• _Problem_: Transcribe the data verbatim and drop its images.

• _Recorded information_:
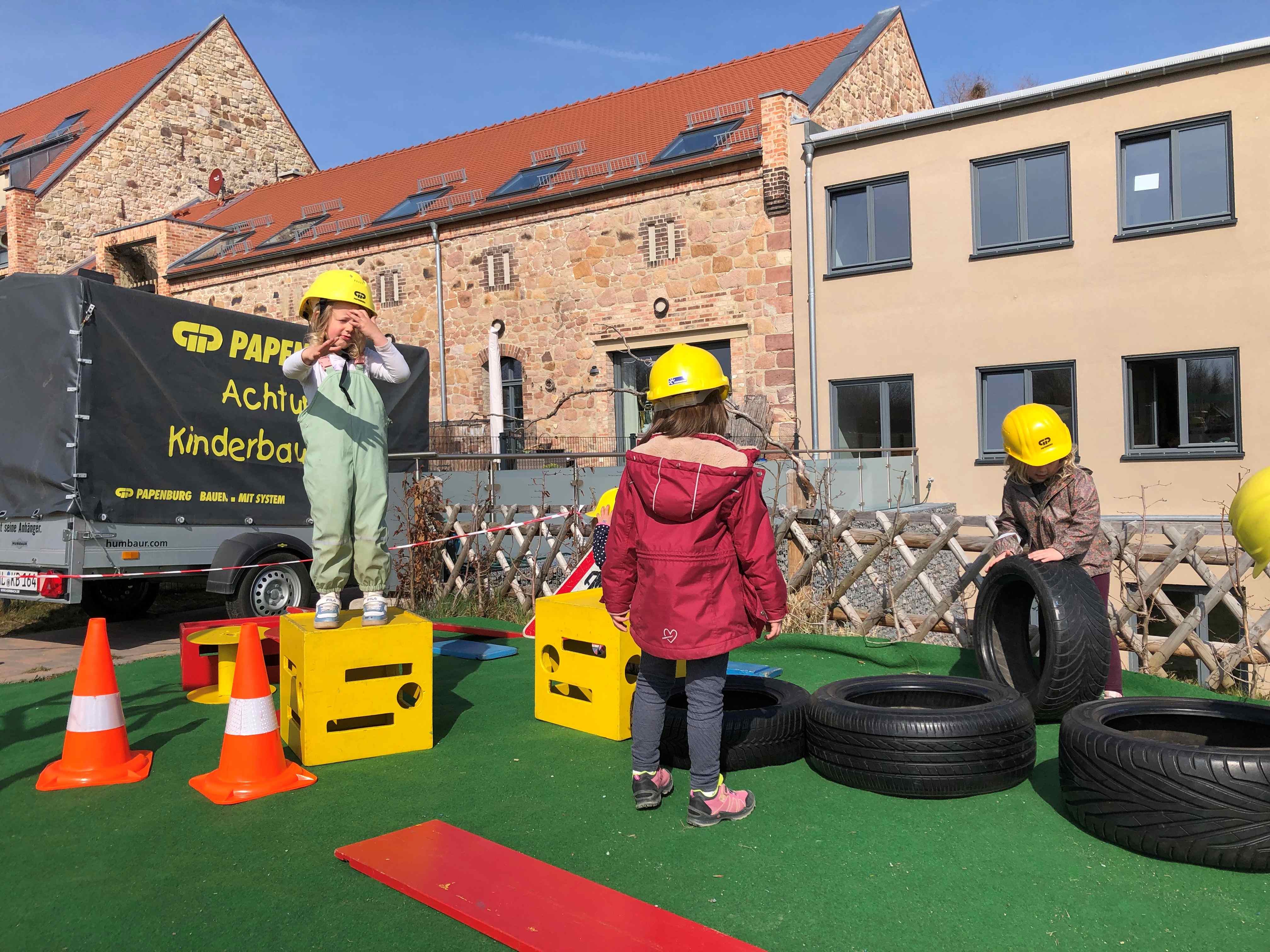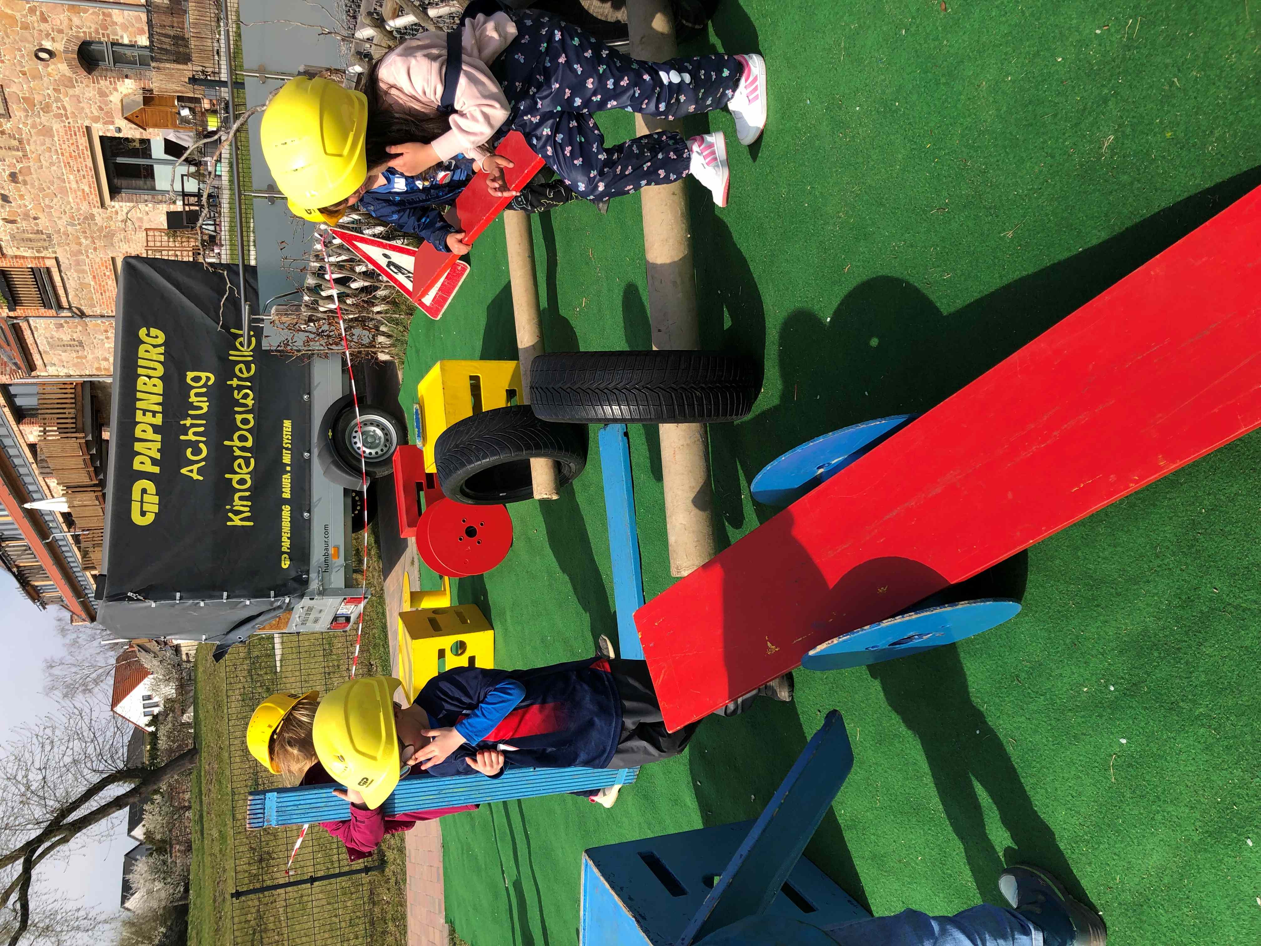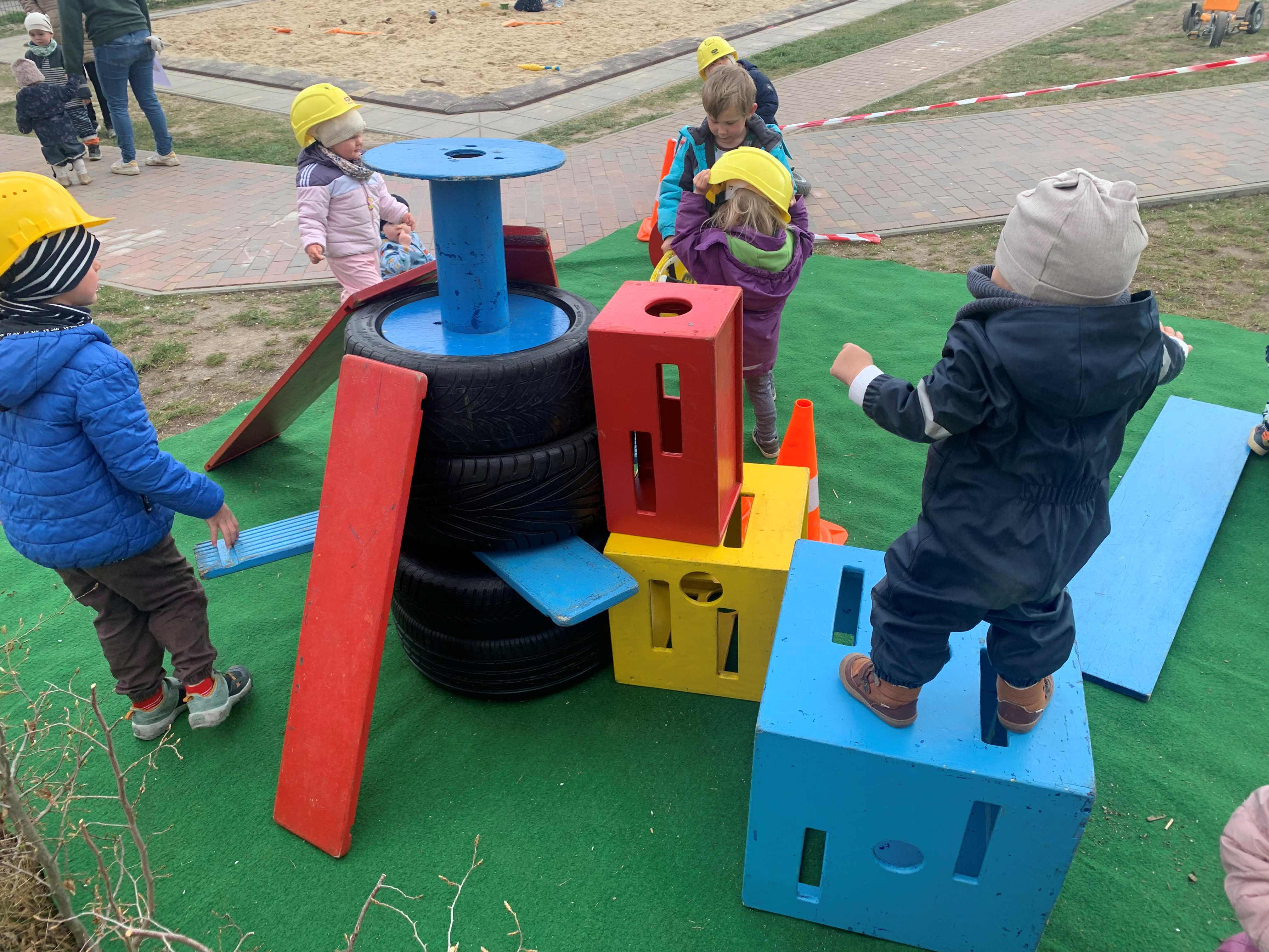 Da liegt es nahe, das tolle Angebot der Firma Papenburg anzunehmen, eine Kinderbaustelle temporär in der Kita einzurichten.
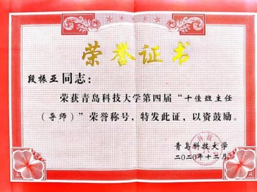 根据《MK体育官网十佳班主任(导师)评选办法》(青科大学字〔2014〕30号)相关规定,结合2018-2019学年、2019-2020学年班主任考核结果,经公司推荐,员工评议、网络投票和公司评审,公司共评选出十佳班主任10名、优秀班主任(导师)80名。其中,公司段振亚老师荣获MK体育官网第四届“十佳班主任(导师)”荣誉称号;杨化林、焦冬梅、白杨、王鸿雁、余真珠、骆晓玲、周艳、张莹八名老师荣获MK体育官网“优秀班主任(导师)”荣誉称号。
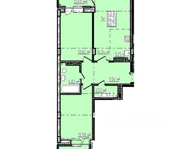 - Общая площадь: 64.3 м2
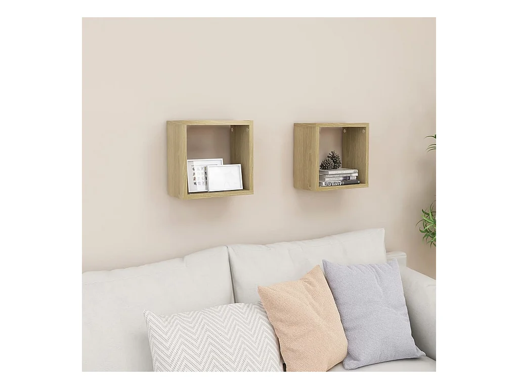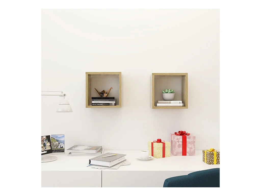 Étagères cube murales 2 pcs chêne sonoma bois d'ingénierie
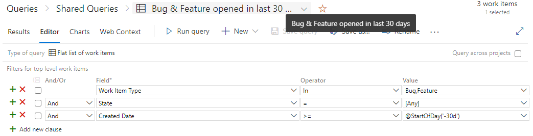根据您最近的回复,您想要得到在过去30天内处于开放状态的Bug和功能。对于这些工作项,我们可以认为它们满足以下条件之一:
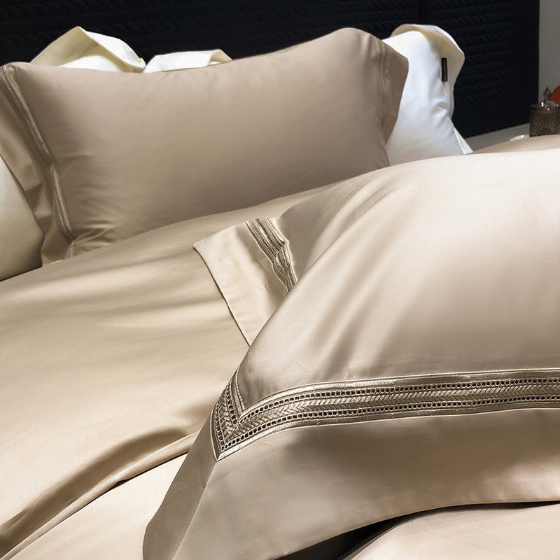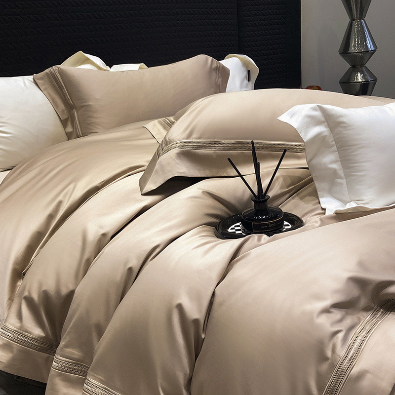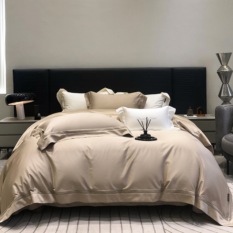 高档轻奢意式120S匹马棉四件套纯色简约婚庆结婚备婚套件裸睡床品
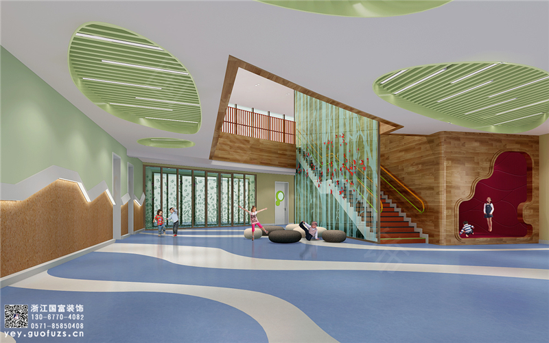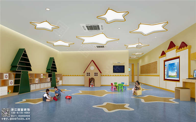 幼儿园高端设计公司华德装饰设计认为,孩子都是比较活泼好动的,在他们玩耍起来之后就会忘乎所以根本停不下来,所以在他们玩耍的过程中是经常会受伤,我们在选择幼儿园的地板时就应该注意了,建议选择木质地板或者塑胶地板,降低孩子们受伤的风险,的公司都会做这样的选择。
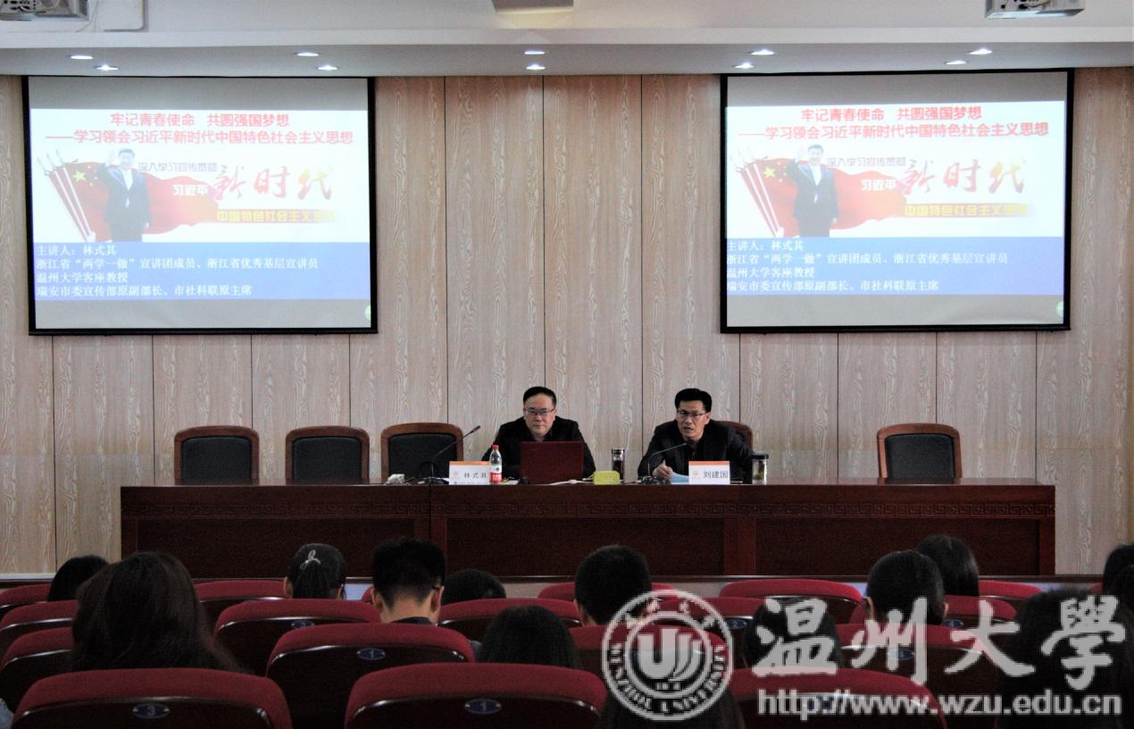 2019年4月12日13:30,迎着飔飔春风与阵阵花香,德赢官网在北校区人文楼203学术报告厅成功举办了以“‘牢记青春使命,共圆强国梦想’——学习领会习近平新时代中国特色社会主义思想”为主题的讲座。本次讲座的主讲人为我校客座教授林式其,我院副院长刘建国出席。
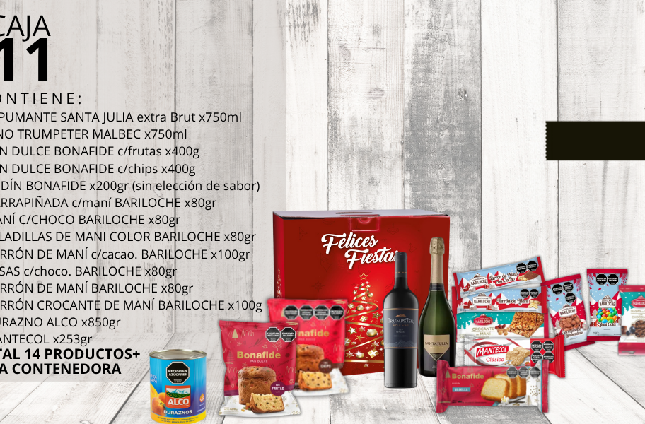Espumante Santa Julia extra brut 750ml x 1u, Vino Trumpeter Malbec 750ml x 1u, Pan Dulce Bonafide con frutas 400g x 1u, Pan Dulce Bonafide con chips 400g x 1u, Budin Bonafide 200g (sin eleccion de sabor) x 1u, garrapiñada con mani Bariloche 80g x 1u, Mani con chocolate bariloche 80g x 1u, Peladillas de mani color Bariloche 100g x 1u, Pasas con chocolate Barioche 80g x 1u, Turron de mani Bariloche 80g x 1u, Turron crocante de mani Bariloche 100g x 1u, Durazno Alco 850g x 1u, Mantecol 253g x 1u (Total 14 productos + caja contenedora)
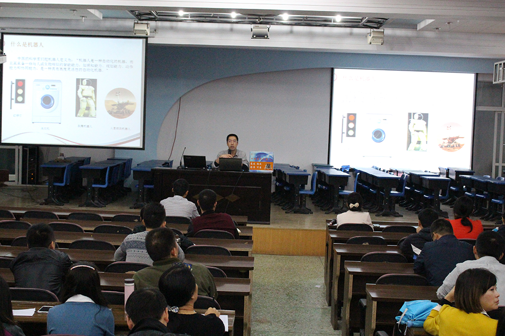 上午九点,活动正式开始。首先由双流县研培中心教研员熊斌老师为大家带来关于机器人教育的专题讲座“机器人创新教育”。熊老师首先从机器人基本概念、机器人教育的目的和意义、机器人教育的机遇和挑战、开展机器人教育的三个阶段对机器人教育进行了细致的阐述。为了使各位老师更直观深刻了解机器人,熊老师以“四能教育机器人”的项目为例,向我们说明了教育机器人的教育意义和在学校的应用。熊老师还分享了多年机器人教学经验,对参会老师提出了很多机器人教育方面的宝贵意见。

• _Output_:
 Da liegt es nahe, das tolle Angebot der Firma Papenburg anzunehmen, eine Kinderbaustelle temporär in der Kita einzurichten.
 根据《MK体育官网十佳班主任(导师)评选办法》(青科大学字〔2014〕30号)相关规定,结合2018-2019学年、2019-2020学年班主任考核结果,经公司推荐,员工评议、网络投票和公司评审,公司共评选出十佳班主任10名、优秀班主任(导师)80名。其中,公司段振亚老师荣获MK体育官网第四届“十佳班主任(导师)”荣誉称号;杨化林、焦冬梅、白杨、王鸿雁、余真珠、骆晓玲、周艳、张莹八名老师荣获MK体育官网“优秀班主任(导师)”荣誉称号。
 - Общая площадь: 64.3 м2
 Étagères cube murales 2 pcs chêne sonoma bois d'ingénierie
根据您最近的回复,您想要得到在过去30天内处于开放状态的Bug和功能。对于这些工作项,我们可以认为它们满足以下条件之一:
 高档轻奢意式120S匹马棉四件套纯色简约婚庆结婚备婚套件裸睡床品
 幼儿园高端设计公司华德装饰设计认为,孩子都是比较活泼好动的,在他们玩耍起来之后就会忘乎所以根本停不下来,所以在他们玩耍的过程中是经常会受伤,我们在选择幼儿园的地板时就应该注意了,建议选择木质地板或者塑胶地板,降低孩子们受伤的风险,的公司都会做这样的选择。
 2019年4月12日13:30,迎着飔飔春风与阵阵花香,德赢官网在北校区人文楼203学术报告厅成功举办了以“‘牢记青春使命,共圆强国梦想’——学习领会习近平新时代中国特色社会主义思想”为主题的讲座。本次讲座的主讲人为我校客座教授林式其,我院副院长刘建国出席。
Espumante Santa Julia extra brut 750ml x 1u, Vino Trumpeter Malbec 750ml x 1u, Pan Dulce Bonafide con frutas 400g x 1u, Pan Dulce Bonafide con chips 400g x 1u, Budin Bonafide 200g (sin eleccion de sabor) x 1u, garrapiñada con mani Bariloche 80g x 1u, Mani con chocolate bariloche 80g x 1u, Peladillas de mani color Bariloche 100g x 1u, Pasas con chocolate Barioche 80g x 1u, Turron de mani Bariloche 80g x 1u, Turron crocante de mani Bariloche 100g x 1u, Durazno Alco 850g x 1u, Mantecol 253g x 1u (Total 14 productos + caja contenedora)
 上午九点,活动正式开始。首先由双流县研培中心教研员熊斌老师为大家带来关于机器人教育的专题讲座“机器人创新教育”。熊老师首先从机器人基本概念、机器人教育的目的和意义、机器人教育的机遇和挑战、开展机器人教育的三个阶段对机器人教育进行了细致的阐述。为了使各位老师更直观深刻了解机器人,熊老师以“四能教育机器人”的项目为例,向我们说明了教育机器人的教育意义和在学校的应用。熊老师还分享了多年机器人教学经验,对参会老师提出了很多机器人教育方面的宝贵意见。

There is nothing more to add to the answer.